Tolerating Slowdowns in Replicated State Machines using Copilots: Pseudocode and Proof of Correctness

Report ID: TR-004-20
Author: Lloyd, Wyatt / Sen, Siddhartha / Ngo, Khiem
Date: 2021-08-31
Pages: 23
Download Formats: |PDF|
Abstract:

Abstract: This technical report presents the pseudocode and a proof of correctness for Copilot replication, a new consensus protocol that achieves 1-slowdown-tolerance: it delivers normal latency despite the slowdown of any 1 replica. Copilot achieves this by using two distinguished replicas—the pilot and copilot—to proactively add redundancy to all stages of processing a client’s command. We give an overview of the Copilot protocol and then present its pseudocode.

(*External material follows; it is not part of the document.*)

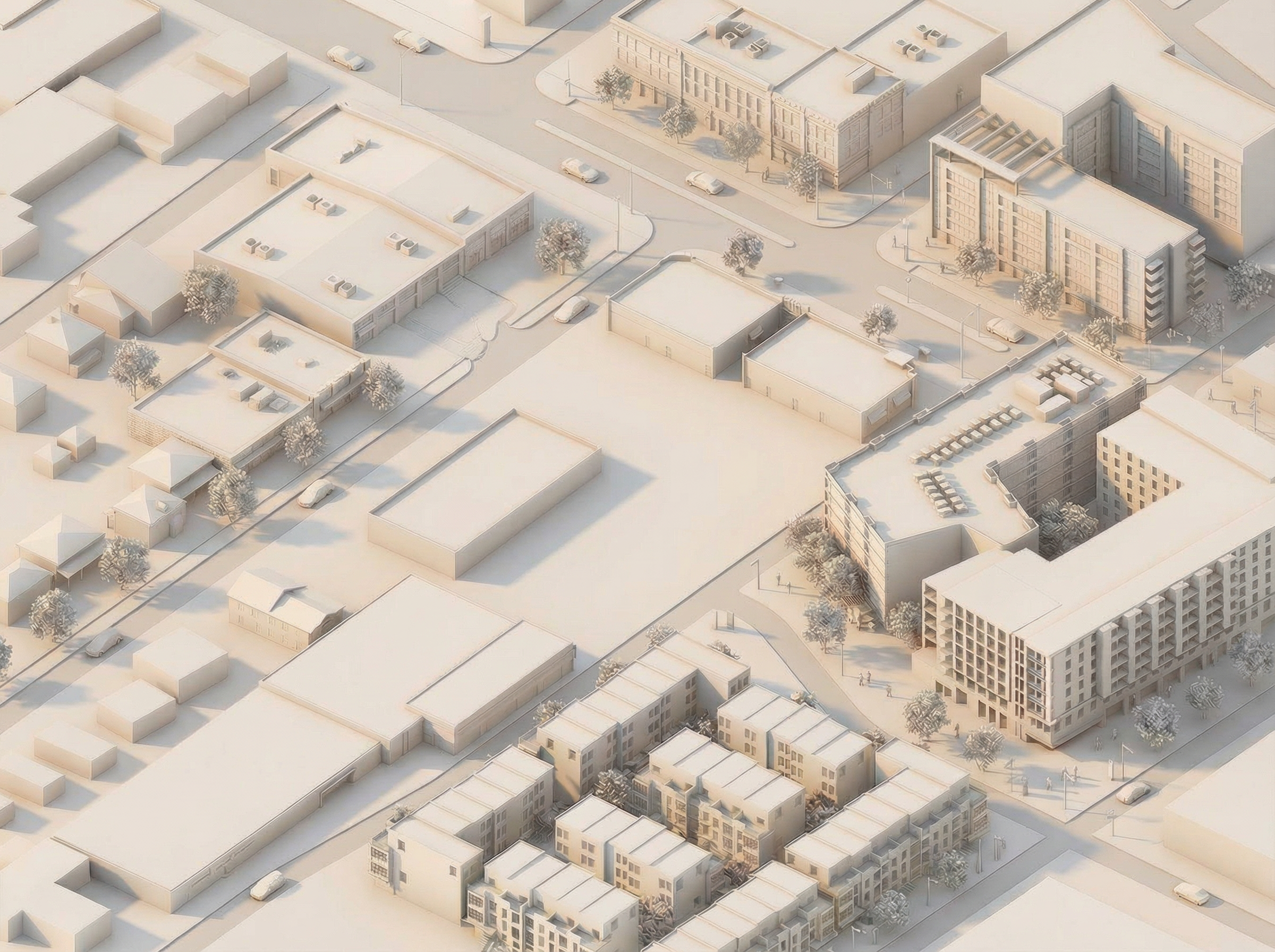 do not change any building geometry sidewalks vegetation or lighting reduce the size of all cars so they match true architectural scale cars should appear much smaller about half to two thirds of their current size keep cars simple white low detail clay model forms do not widen or redraw roads and do not add new vehicles do not modify people or trees maintain the same soft lighting and clay model aesthetic

We also provide a proof of correctness in the asynchronous crash failure model, showing that: Copilot requires 2f + 1 replicas to tolerate at most f crash failures, while guaranteeing safety (linearizability) despite any number of failures, and liveness as long as a majority of replicas communicate in a timely manner. These guarantees are the same as those of Multi-Paxos and EPaxos, which Copilot draws inspiration from. However, Copilot is the only protocol that provides 1-slowdown-tolerance in the presence of any one slow replica. For a detailed discussion of Copilot’s design, optimizations, and evaluation, please refer to the conference paper.